The following example adds a reference column to the ``Site`` table
that was created in :ref:`tutorial-introduction-create-table`. The new
column, named ``link``, is designed for storing links among records in
the ``Site`` table.

.. groonga-command
.. include:: ../example/tutorial/data-7.log
.. column_create --table Site --name link --type Site
.. load --table Site
.. [
.. {"_key":"http://example.org/","link":"http://example.net/"}
.. ]
.. select --table Site --output_columns _key,title,link._key,link.title --query title:@this

The `type` parameter of the :doc:`/reference/commands/column_create` command specifies the table to be associated with the reference column. In this example, the reference column is associated with the own table. Then, the :doc:`/reference/commands/load` command registers a link from "http://example.org" to "http://example.net". Note that a reference column requires the primary key, not the ID, of the record to be referred to. After that, the link is confirmed by the :doc:`/reference/commands/select` command. In this case, the primary key and the title of the referred record are output because link._key and link.title are specified to the `output_columns` parameter.

Vector types
------------

Groonga supports a vector column, in which each element can store a variable number of values. To create a vector column, specify the COLUMN_VECTOR flag to the `flags` parameter of a :doc:`/reference/commands/column_create` command.
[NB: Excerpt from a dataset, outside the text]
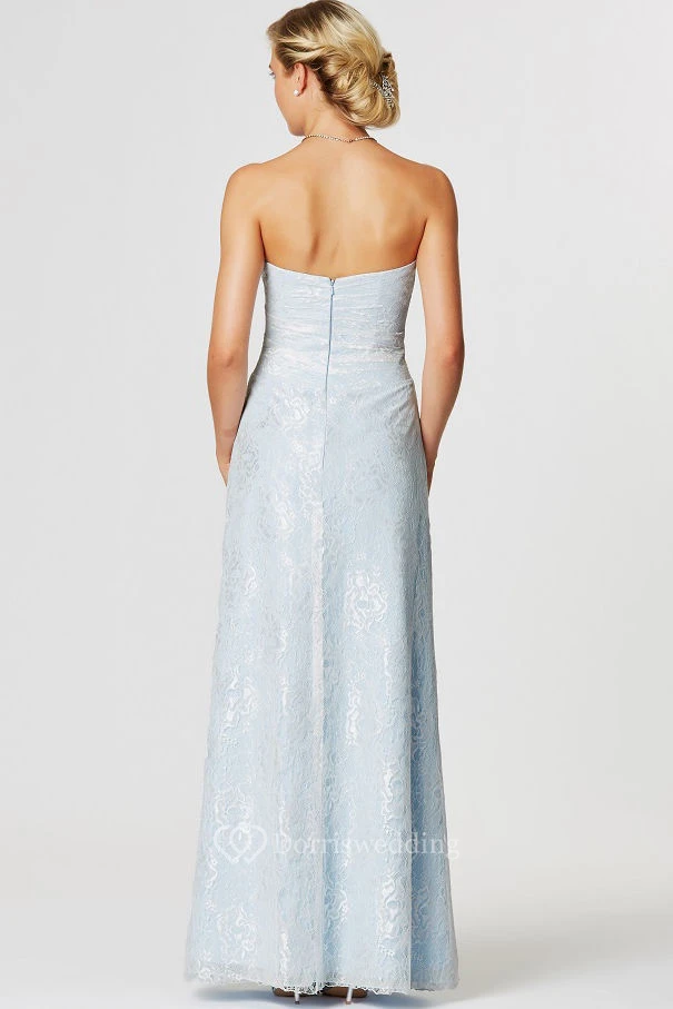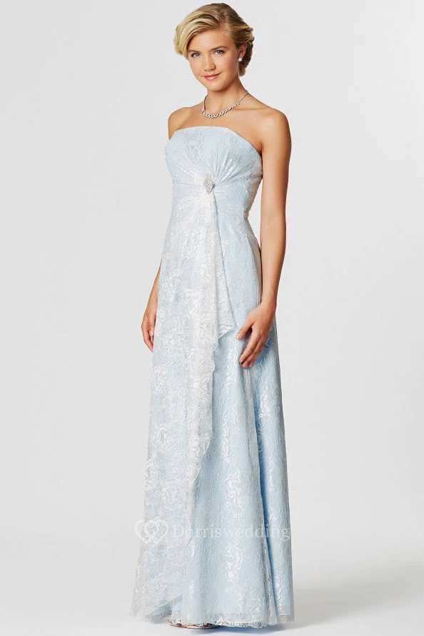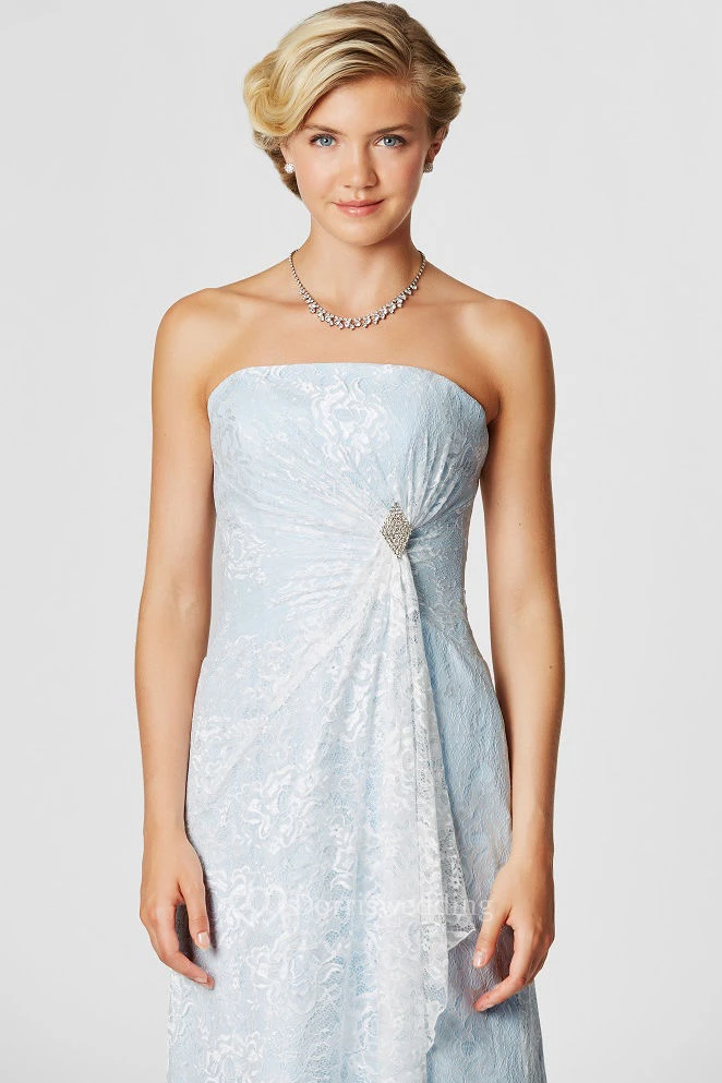 Strapless Appliqued Lace Bridesmaid Dress With Draping And Broach

A vector column is useful to represent a many-to-many relationship.

The previous example used a regular column, so each record could have at most one link. Obviously, the specification is insufficient because a site usually has more than one links. To solve this problem, the following example uses a vector column.
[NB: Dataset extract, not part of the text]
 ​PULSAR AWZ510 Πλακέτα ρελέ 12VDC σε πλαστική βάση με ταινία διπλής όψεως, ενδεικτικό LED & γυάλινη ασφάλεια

.. FIXME: _idの配列ではダメなのかどうか。検証する。

.. groonga-command
.. include:: ../example/tutorial/data-8.log
.. column_create --table Site --name links --flags COLUMN_VECTOR --type Site
.. load --table Site
.. [
.. {"_key":"http://example.org/","links":["http://example.net/","http://example.org/","http://example.com/"]},
.. ]
.. select --table Site --output_columns _key,title,links._key,links.title --query title:@this

The only difference at the first step is the `flags` parameter that specifies to create a vector column. The `type` parameter of the :doc:`/reference/commands/column_create` command is the same as in the previous example. Then, the :doc:`/reference/commands/load` command registers three links from "http://example.org/" to "http://example.net/", "http://example.org/" and "http://example.com/". After that, the links are confirmed by the :doc:`/reference/commands/select` command. In this case, the primary keys and the titles are output as arrays because links._key and links.title are specified to the `output_columns` parameter.